5. BLC and others v BLB and another
Issue: Breach of long-term commercial agreement and damages
Held:
Tribunals may award expectation damages and lost profits
Commercial certainty is paramount
Relevance: Supports damages claims in franchise breach arbitrations.
6. CBX v CBZ
Issue: Confidentiality and post-termination obligations
Held:
Confidentiality breaches post-termination are arbitrable
Injunctive relief may be granted by tribunals
Relevance: Highly relevant for franchise IP and know-how disputes.
8. Remedies Commonly Granted in Franchise Arbitrations
Monetary damages (lost profits, unpaid royalties)
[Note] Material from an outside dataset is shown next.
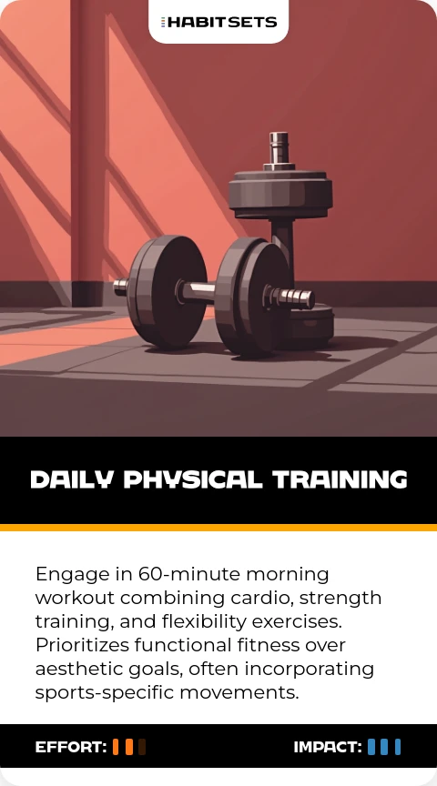 Engage in 60-minute morning workout combining cardio, strength training, and flexibility exercises. Prioritizes functional fitness over aesthetic goals, often incorporating sports-specific movements.

Declaratory relief on validity of termination
Injunctions restraining trademark misuse
Enforcement of non-compete clauses
Costs and interest
9. Why Singapore Is a Preferred Seat for Franchise Arbitration
Strong judicial support for arbitration
Neutral and business-friendly courts
Efficient enforcement regime
World-class arbitral institutions (e.g., SIAC)
Predictable application of contract law
10. Conclusion
Arbitration concerning breach of franchise agreements in Singapore is:
Well-developed
Strongly supported by courts
Highly enforceable
Commercially pragmatic
Singapore case law consistently emphasizes party autonomy, finality of awards, and minimal court interference, making it one of the most reliable jurisdictions for resolving franchise disputes through arbitration.